Ontario’s colleges and universities minister is expected to announce funding Monday for post-secondary institutions to respond to their precarious finances.
The $1.2-billion package will include a roughly $900 million stabilization fund delivered to colleges and universities over three years, a source with knowledge of the province’s plans told CBC Toronto last week.
Funding will be allocated based on the needs of individual institutions who apply for it, the source said. It will be conditional on audits and the government will be looking for financial efficiencies, according to the source.
There will also be no tuition fee increases for three years, the source said.

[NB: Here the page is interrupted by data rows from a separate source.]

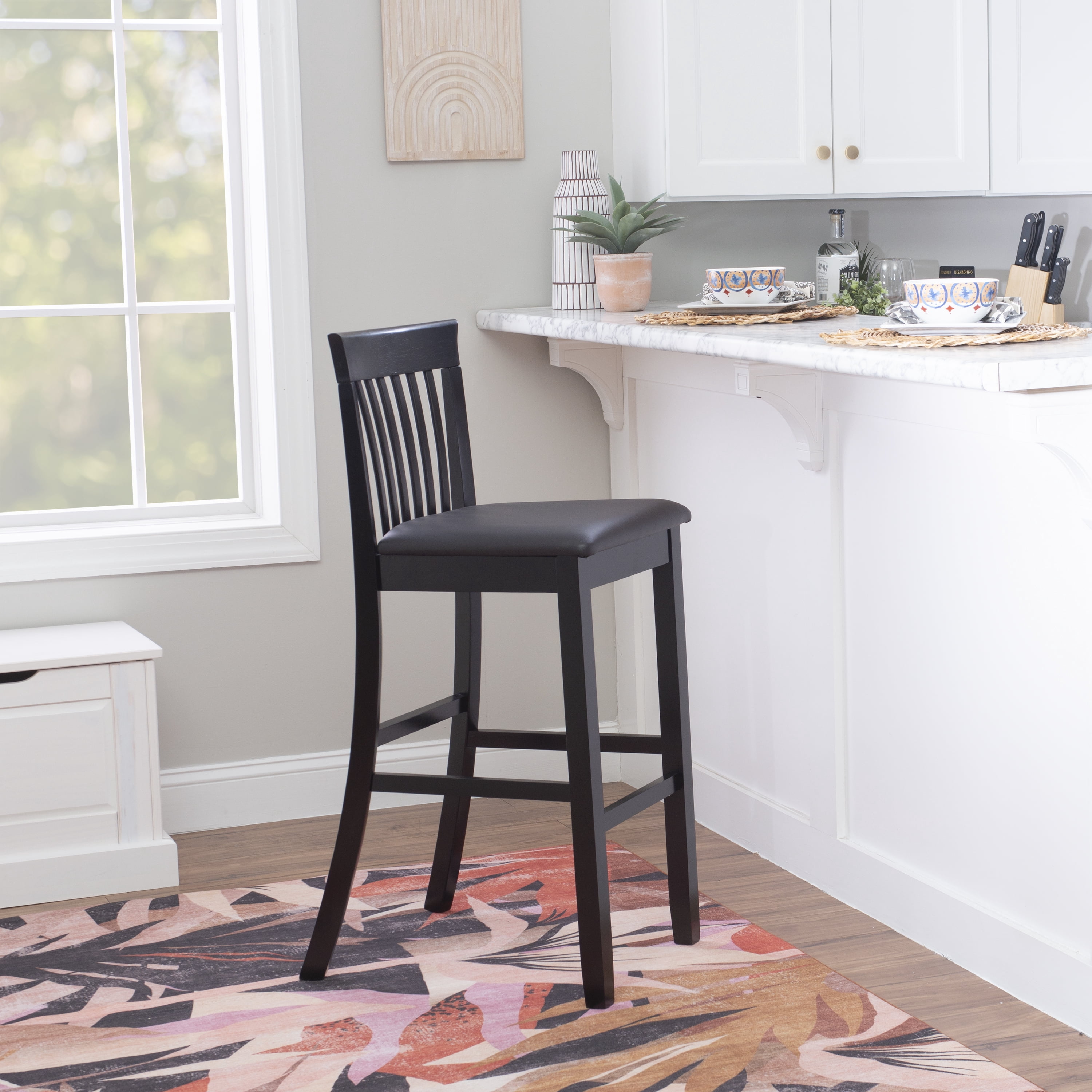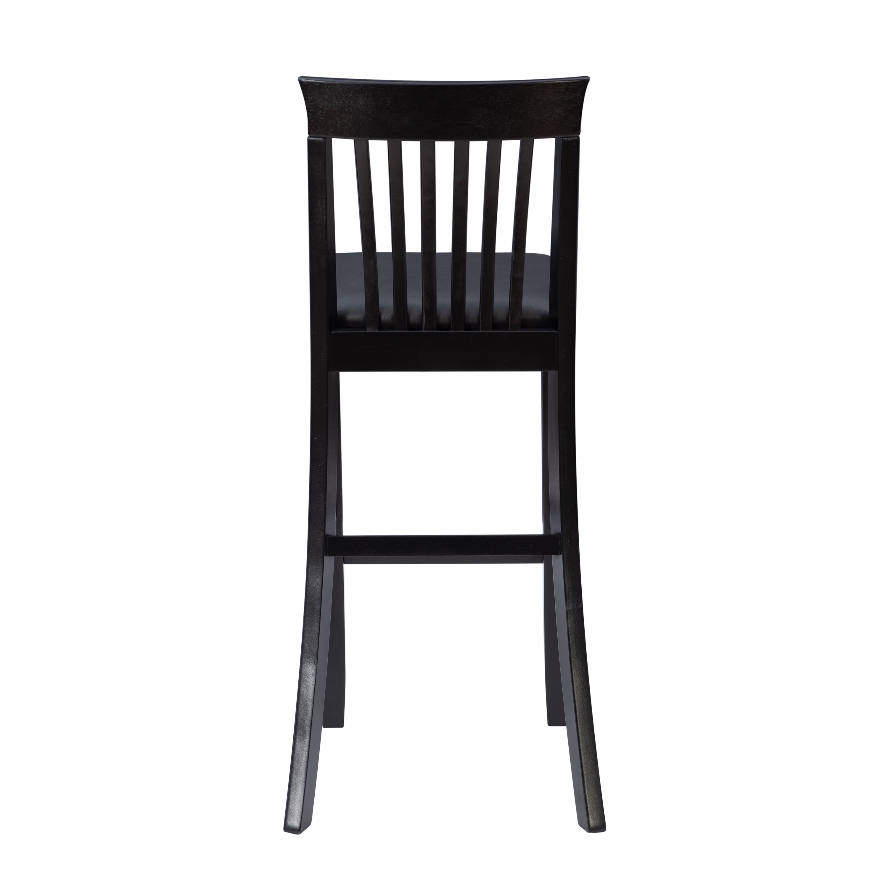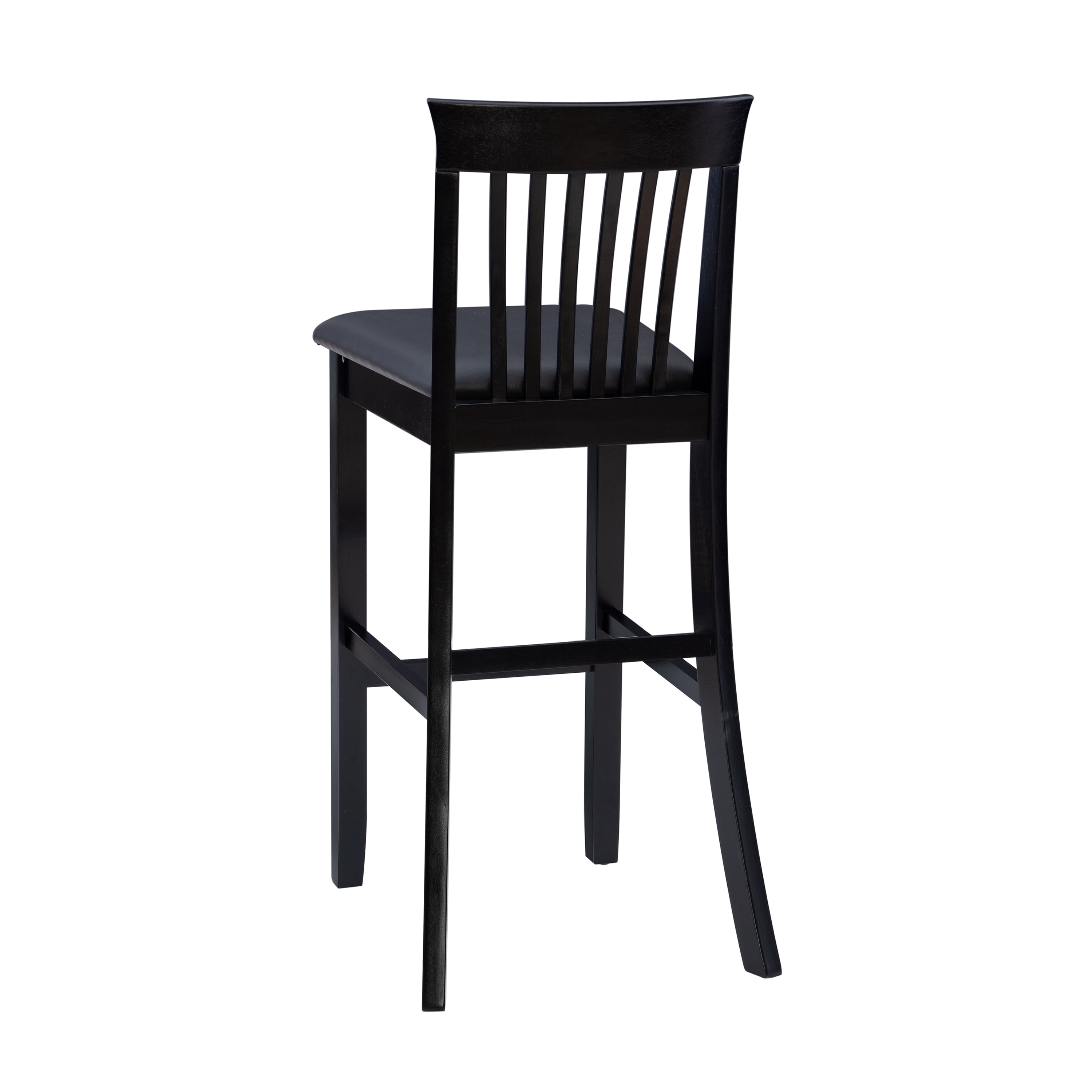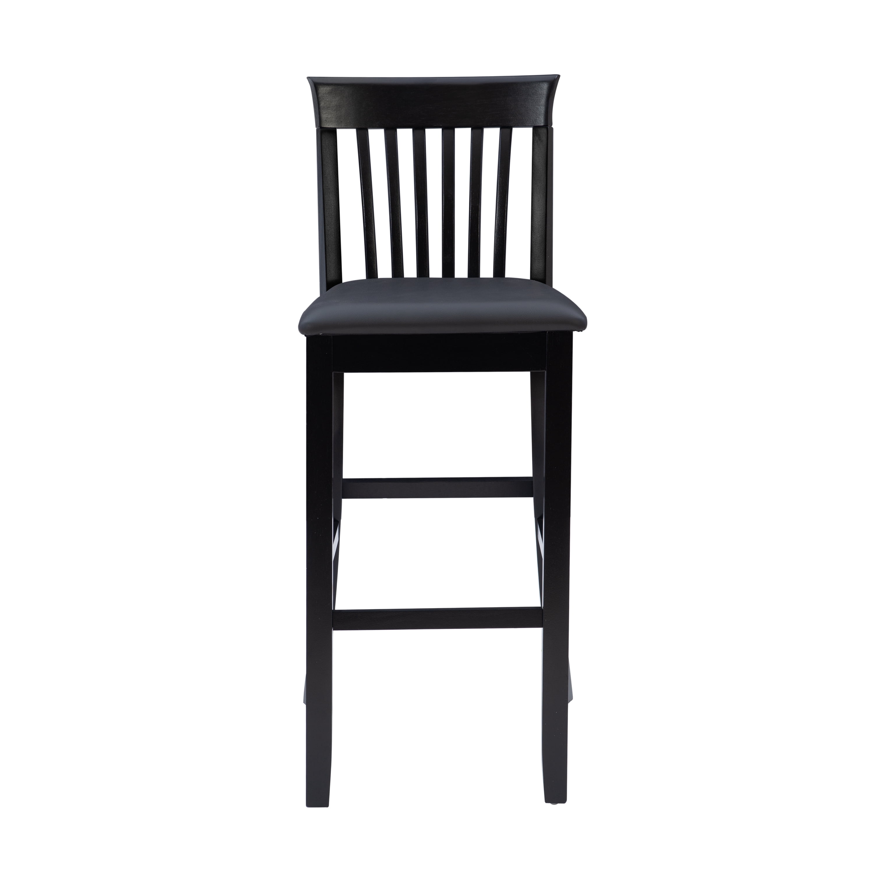 Sturdy solid rubberwood construction Black wood painted finish compliments a range of décor styles Easy care, simply wipe clean with a damp cloth Classic mission slat back design Padded seat covered in black faux leather is easy care, simply wipe clean with a damp cloth Backrest and footrests provide proper support making the stool comfortable for long periods of time Suitable with bar heights of 41in to 43in Buy two or more to make a beautiful design statement in your home You will need one stool for every 30″ of horizontal counter space Easy to assembly, instructions included 275 lb weight limit Condition: New
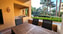 La terraza privada cubierta tiene vistas a los exuberantes jardines tropicales y a la tranquila piscina estilo laguna, creando el entorno perfecto para relajarse.
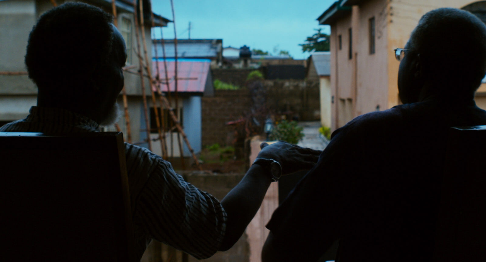 The documentary film, The Poets, ends with its two protagonists, poets Syl Cheney-Coker and Niyi Osundare, sitting on a balcony at Osundare’s home in Ibadan, Nigeria with a tumbler of whisky in their hands. They toast to literature and poetry, to their long friendship, to their dynamic past and their futures. With their backs to us, they look out ahead as the pouring rain beats down upon a half-constructed building but keep turning around to recount something or the other. This retrospective positioning—looking ahead but simultaneously gazing back—is the precise mode of this literary documentary.
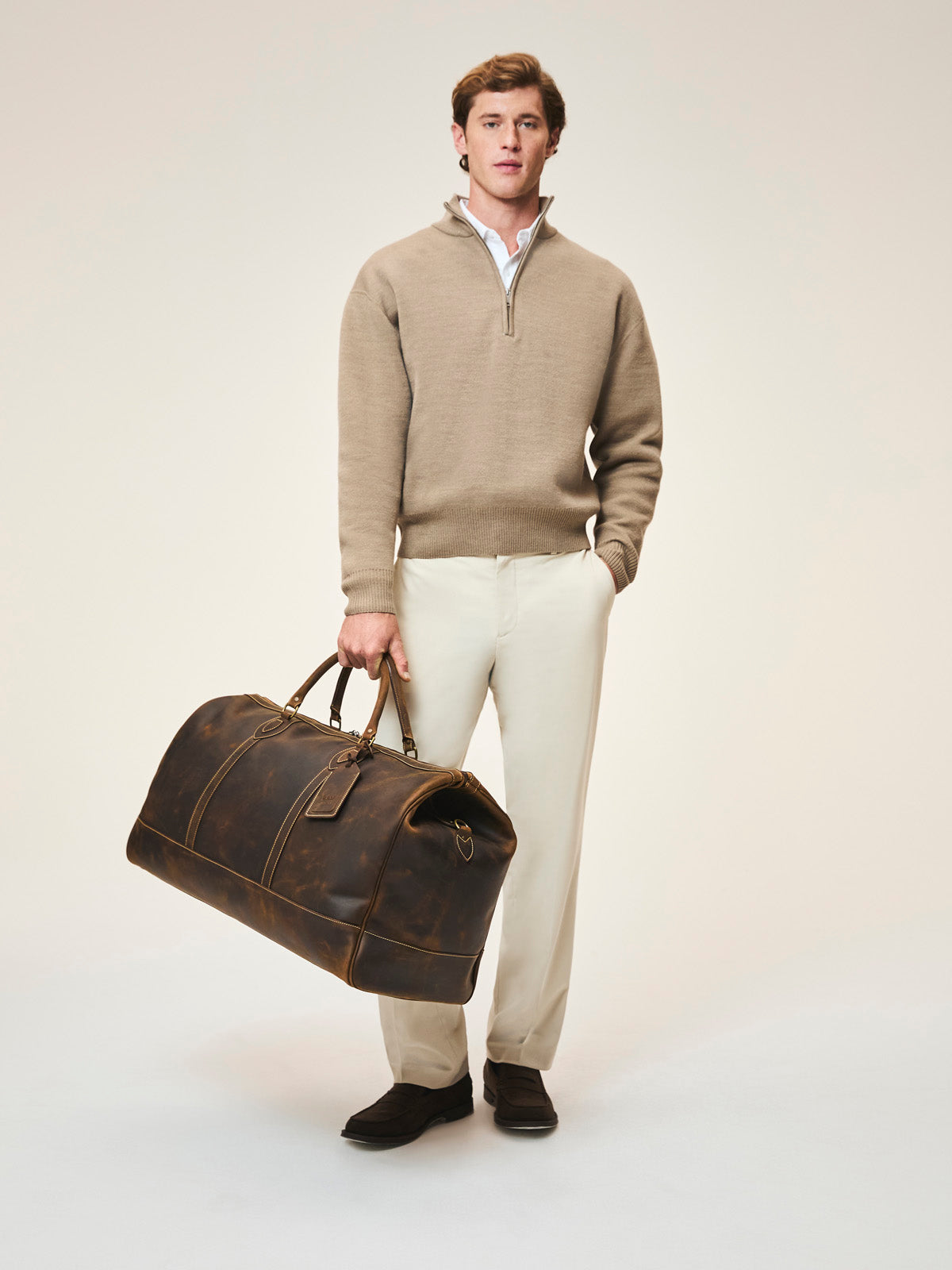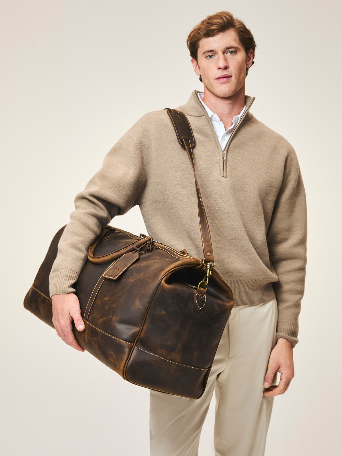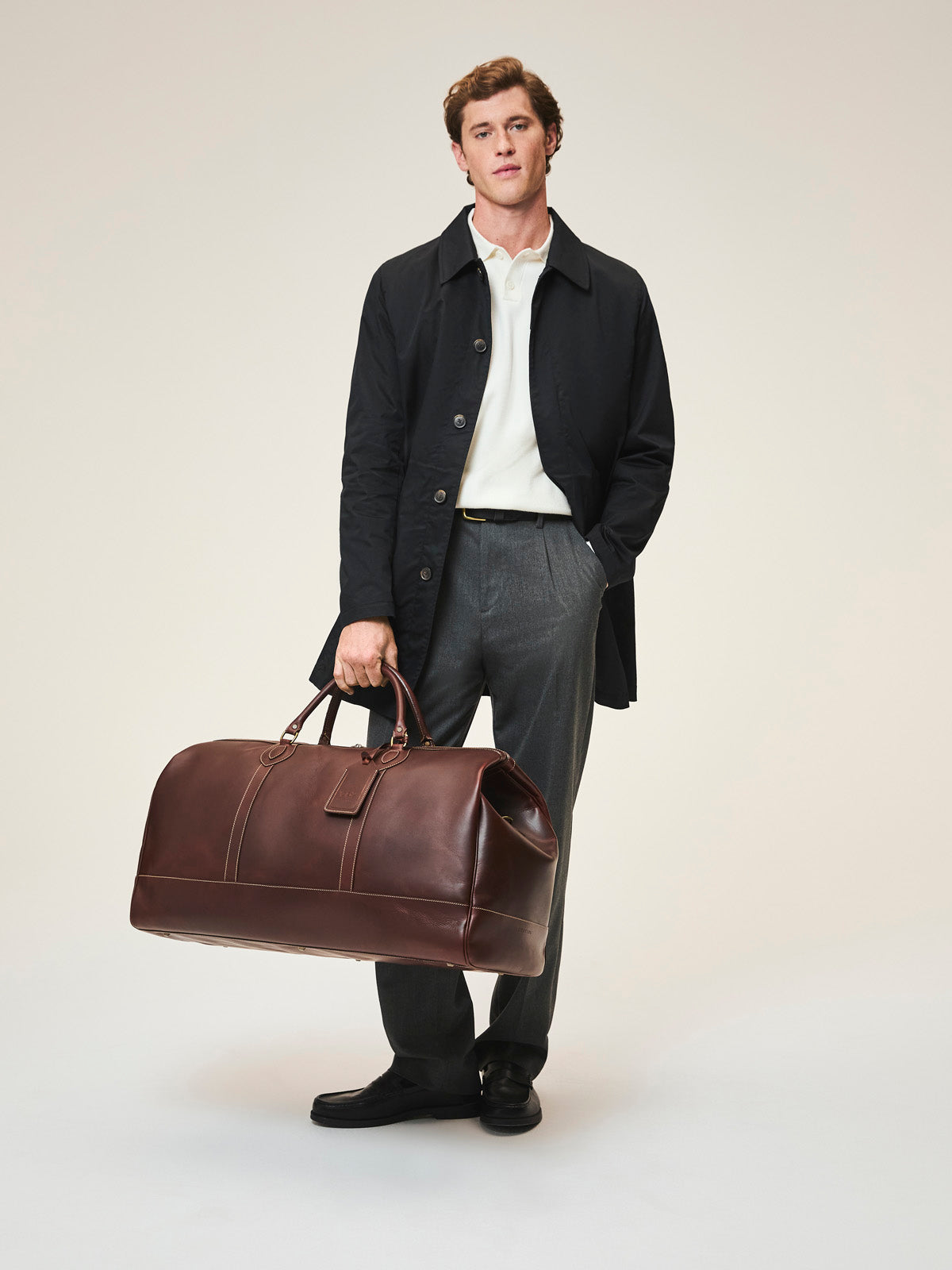 The large weekender is a classic English holdall, adding timeless elegance to your weekend travel.

A government-commissioned report released in November said that low levels of provincial funding to colleges and universities combined with a tuition cut and freeze in 2019 are posing a “significant threat” to the financial sustainability of the sector.
The report said that funding for publicly assisted colleges for full-time domestic students is at a lower level than every other province, while the Council of Ontario Universities has said at least 10 universities are facing operating deficits.
The expert panel recommended a one-time, 10 per cent increase in per-student funding to colleges and universities followed by inflationary increases in subsequent years, as well as a five per cent increase in tuition along with an “equally generous” increase to student aid.
Premier Doug Ford has already ruled out any tuition fee increases, but Colleges and Universities Minister Jill Dunlop is set to make an announcement today.
Dunlop’s announcement is set to come as post-secondary institutions have recently been saying their situation has grown even more dire following a federal announcement earlier this year that the number of visas for international undergraduate students will be slashed, with Ontario seeing its allotment cut in half.
A report last year by Higher Education Strategy Associates said Ontario’s post-secondary funding is “abysmal” and raising spending to the average of the other nine provinces would require $7.1 billion per year in additional funding — much higher than the current level of operating funding at around $5 billion.
“No province has underfunded post-secondary education more, and no province’s institutions have found so many ways to raise money from private sources,” the strategy firm wrote.
“On a per-student basis, the province funds universities at 57 per cent of the average of the other nine provinces; on the college side it is a mere 44 per cent. It is tenth out of ten in every interprovincial comparison of financing.”
The low levels of government funding have caused post-secondary institutions to increasingly turn to international student tuition fees, which are much higher than the rates for Canadian students.
Average university fees in 2020-21 were $7,938 for domestic undergraduate students and $40,525 for international undergraduate students, the auditor general said in a 2022 report.
The Smart Prosperity Institute, a University of Ottawa-based think tank, reported last year that Ontario universities nearly doubled international student enrolment between 2014 and 2015, and 2021 and 2022, and colleges more than tripled international enrolment.
Ontario’s government-commissioned report on post-secondary finances said international student revenue is now fundamental to the sector’s viability, greatly raising institutions’ risk exposure.